### EXERCISE DIRECTIONS
Repeat the listing exactly as given, omitting every image.

### RECORDED INFORMATION

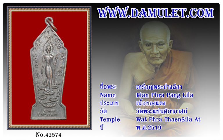 เหรียญพระปางลีลา วัดพระแท่นศิลาอาสน์ พ.ศ.2519
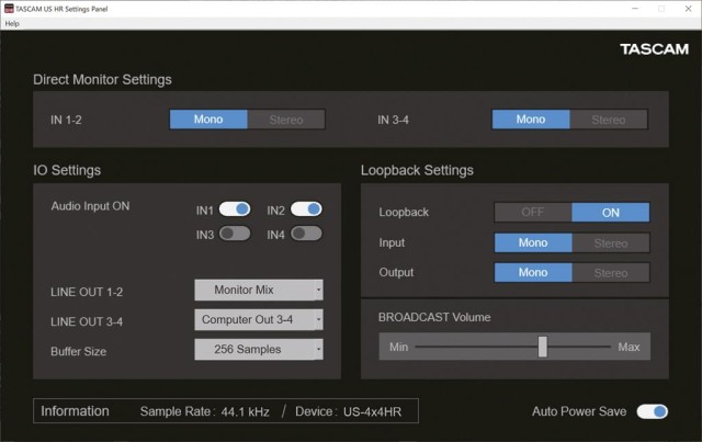 Pro online vysílání, internetovou komunikaci a další aplikace živého vysílání nabízejí rozhraní řady US-HR funkci Loopback, která dokáže sloučit vstupní signály 1/2 se signály 1/2 přicházejícími z počítače (u každého lze nastavit mono nebo stereo) a odeslat tento mix do vysílacího nebo jiného softwaru v počítači. Softwarový posuvník umožňuje nastavit konečnou "vysílací" hlasitost nezávisle na nastavení úrovně linkového výstupu jednotky.
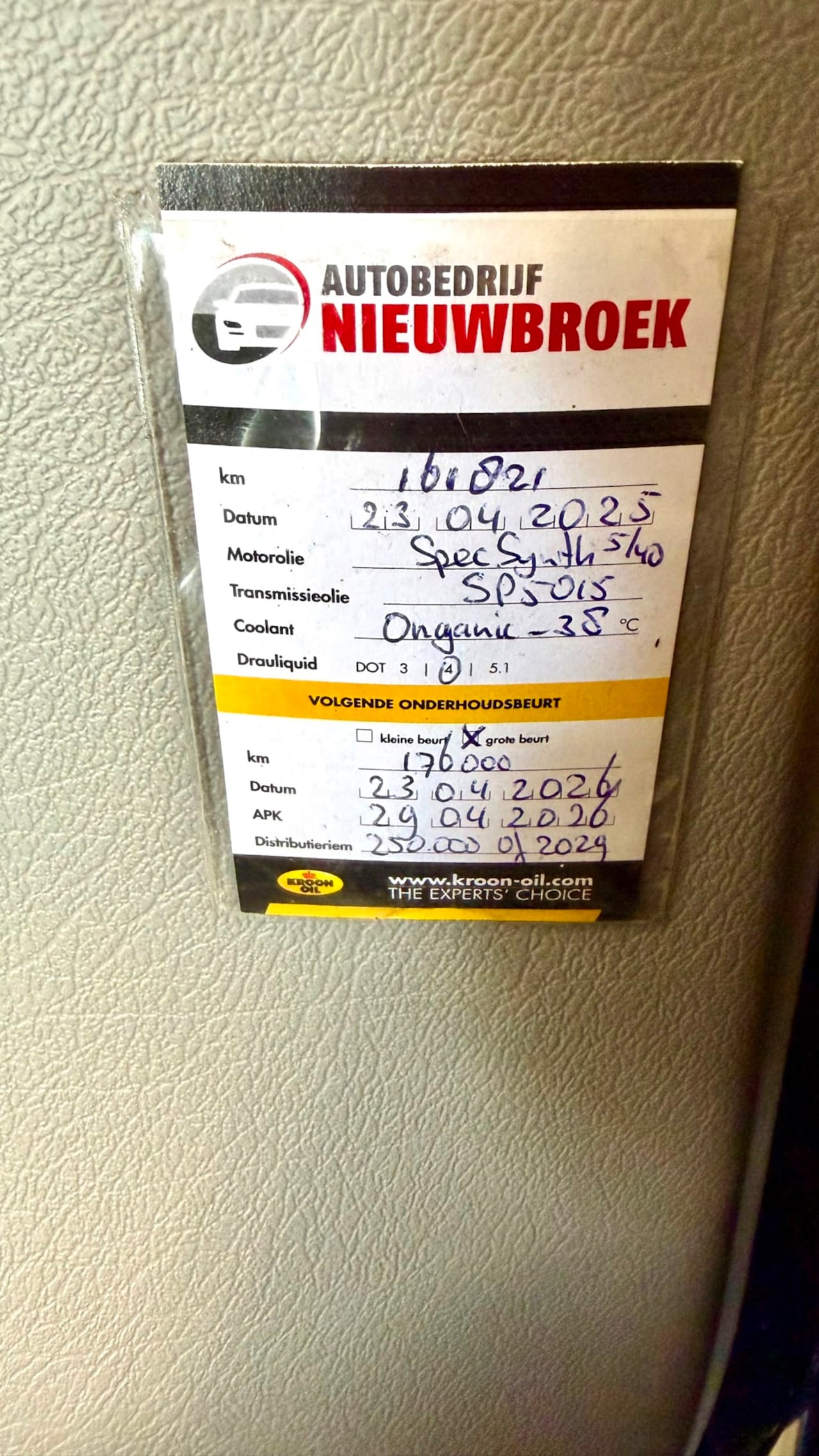 | APK | Bij aflevering |
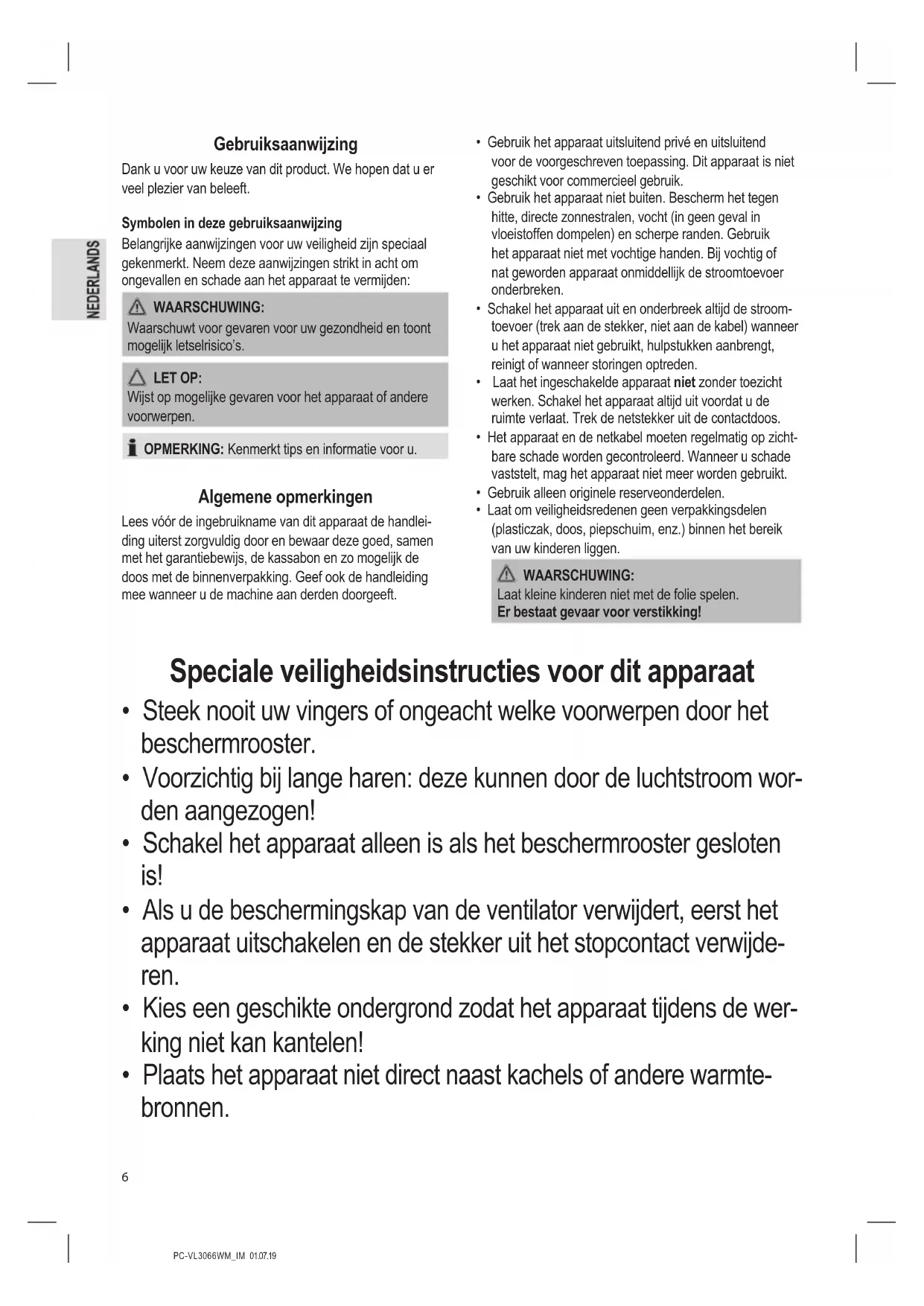 - Laat om veiligheidsredenen geen verpakkingsdelen (plasticzak, doos, piepschuim, enz.) binnen het bereik van uw kinderen liggen. WAARSCHUWING: Laat kleine kinderen niet met de folie spelen. Er bestaat gevaar voor verstikking! Speciale veiligheidsinstructies voor dit apparaat

### RESPONSE BOX
 เหรียญพระปางลีลา วัดพระแท่นศิลาอาสน์ พ.ศ.2519
 Pro online vysílání, internetovou komunikaci a další aplikace živého vysílání nabízejí rozhraní řady US-HR funkci Loopback, která dokáže sloučit vstupní signály 1/2 se signály 1/2 přicházejícími z počítače (u každého lze nastavit mono nebo stereo) a odeslat tento mix do vysílacího nebo jiného softwaru v počítači. Softwarový posuvník umožňuje nastavit konečnou "vysílací" hlasitost nezávisle na nastavení úrovně linkového výstupu jednotky.
 | APK | Bij aflevering |
 - Laat om veiligheidsredenen geen verpakkingsdelen (plasticzak, doos, piepschuim, enz.) binnen het bereik van uw kinderen liggen. WAARSCHUWING: Laat kleine kinderen niet met de folie spelen. Er bestaat gevaar voor verstikking! Speciale veiligheidsinstructies voor dit apparaat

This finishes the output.